▶ [Data provided]:
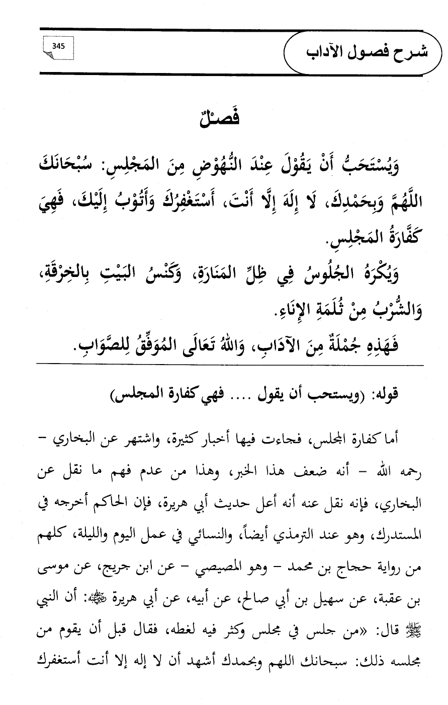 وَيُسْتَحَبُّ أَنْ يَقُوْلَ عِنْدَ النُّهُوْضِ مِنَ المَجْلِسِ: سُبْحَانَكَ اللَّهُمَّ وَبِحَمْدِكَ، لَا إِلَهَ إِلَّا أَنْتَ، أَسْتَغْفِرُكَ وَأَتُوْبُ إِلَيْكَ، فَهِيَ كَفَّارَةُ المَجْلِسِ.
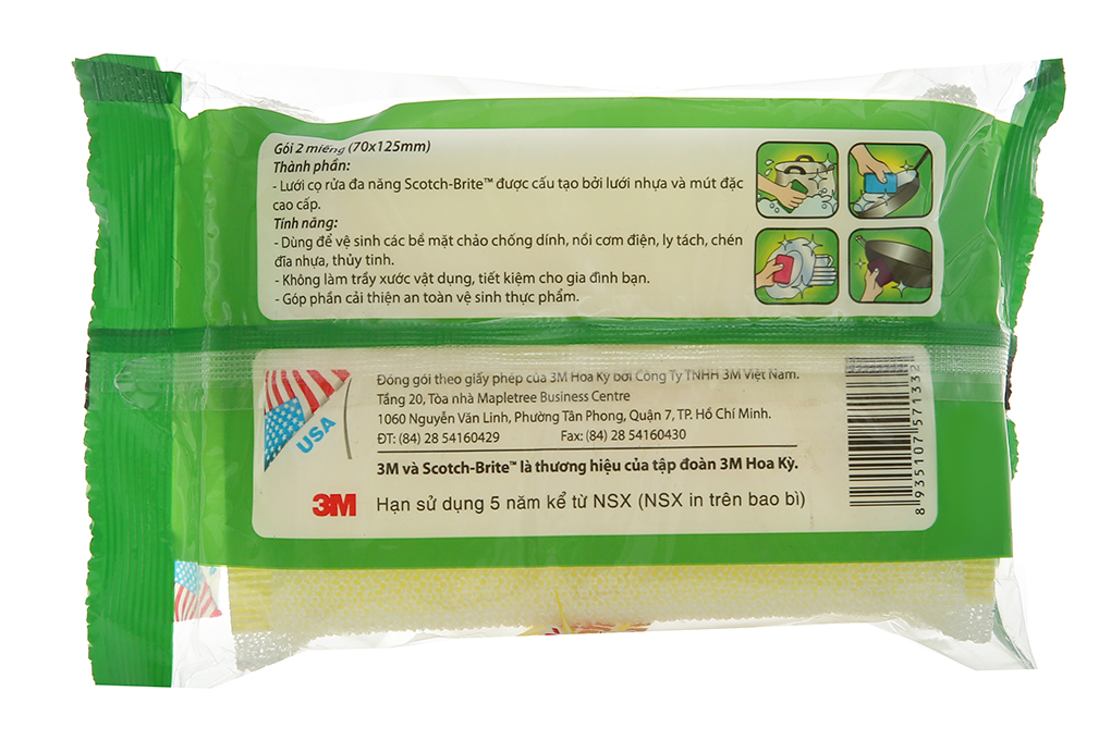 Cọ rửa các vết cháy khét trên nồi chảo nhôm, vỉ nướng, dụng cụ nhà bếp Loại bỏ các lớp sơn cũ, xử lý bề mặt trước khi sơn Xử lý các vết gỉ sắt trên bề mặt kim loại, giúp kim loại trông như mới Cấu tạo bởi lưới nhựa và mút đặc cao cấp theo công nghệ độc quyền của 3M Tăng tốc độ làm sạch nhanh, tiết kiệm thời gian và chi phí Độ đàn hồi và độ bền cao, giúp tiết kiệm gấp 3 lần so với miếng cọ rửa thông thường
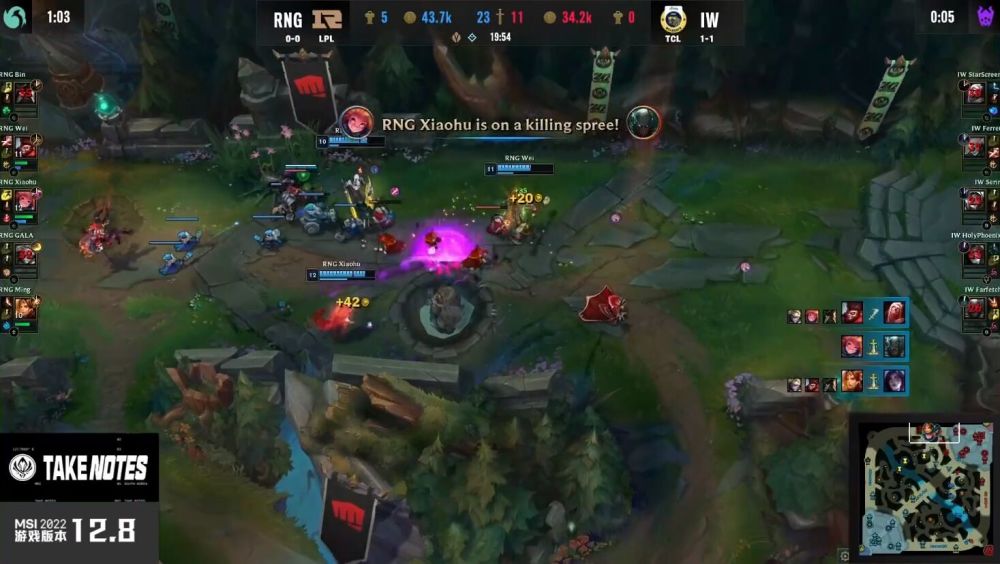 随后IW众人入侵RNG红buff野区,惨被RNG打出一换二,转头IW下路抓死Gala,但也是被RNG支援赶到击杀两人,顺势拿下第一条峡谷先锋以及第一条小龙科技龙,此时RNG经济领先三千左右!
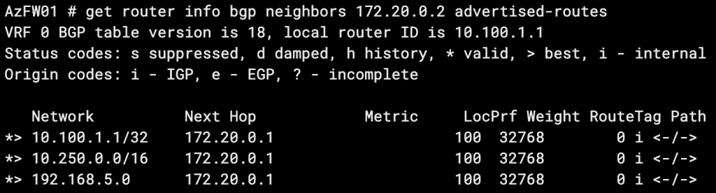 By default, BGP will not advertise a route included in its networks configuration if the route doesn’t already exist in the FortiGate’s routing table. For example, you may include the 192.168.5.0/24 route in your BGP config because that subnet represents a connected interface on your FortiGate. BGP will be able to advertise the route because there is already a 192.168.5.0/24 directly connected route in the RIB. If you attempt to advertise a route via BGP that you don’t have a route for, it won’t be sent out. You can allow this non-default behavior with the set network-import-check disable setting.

▶ [Task objective]: Drop the pictures and reproduce the rest of the data exactly.

▶ [Your response]:
 وَيُسْتَحَبُّ أَنْ يَقُوْلَ عِنْدَ النُّهُوْضِ مِنَ المَجْلِسِ: سُبْحَانَكَ اللَّهُمَّ وَبِحَمْدِكَ، لَا إِلَهَ إِلَّا أَنْتَ، أَسْتَغْفِرُكَ وَأَتُوْبُ إِلَيْكَ، فَهِيَ كَفَّارَةُ المَجْلِسِ.
 Cọ rửa các vết cháy khét trên nồi chảo nhôm, vỉ nướng, dụng cụ nhà bếp Loại bỏ các lớp sơn cũ, xử lý bề mặt trước khi sơn Xử lý các vết gỉ sắt trên bề mặt kim loại, giúp kim loại trông như mới Cấu tạo bởi lưới nhựa và mút đặc cao cấp theo công nghệ độc quyền của 3M Tăng tốc độ làm sạch nhanh, tiết kiệm thời gian và chi phí Độ đàn hồi và độ bền cao, giúp tiết kiệm gấp 3 lần so với miếng cọ rửa thông thường
 随后IW众人入侵RNG红buff野区,惨被RNG打出一换二,转头IW下路抓死Gala,但也是被RNG支援赶到击杀两人,顺势拿下第一条峡谷先锋以及第一条小龙科技龙,此时RNG经济领先三千左右!
 By default, BGP will not advertise a route included in its networks configuration if the route doesn’t already exist in the FortiGate’s routing table. For example, you may include the 192.168.5.0/24 route in your BGP config because that subnet represents a connected interface on your FortiGate. BGP will be able to advertise the route because there is already a 192.168.5.0/24 directly connected route in the RIB. If you attempt to advertise a route via BGP that you don’t have a route for, it won’t be sent out. You can allow this non-default behavior with the set network-import-check disable setting.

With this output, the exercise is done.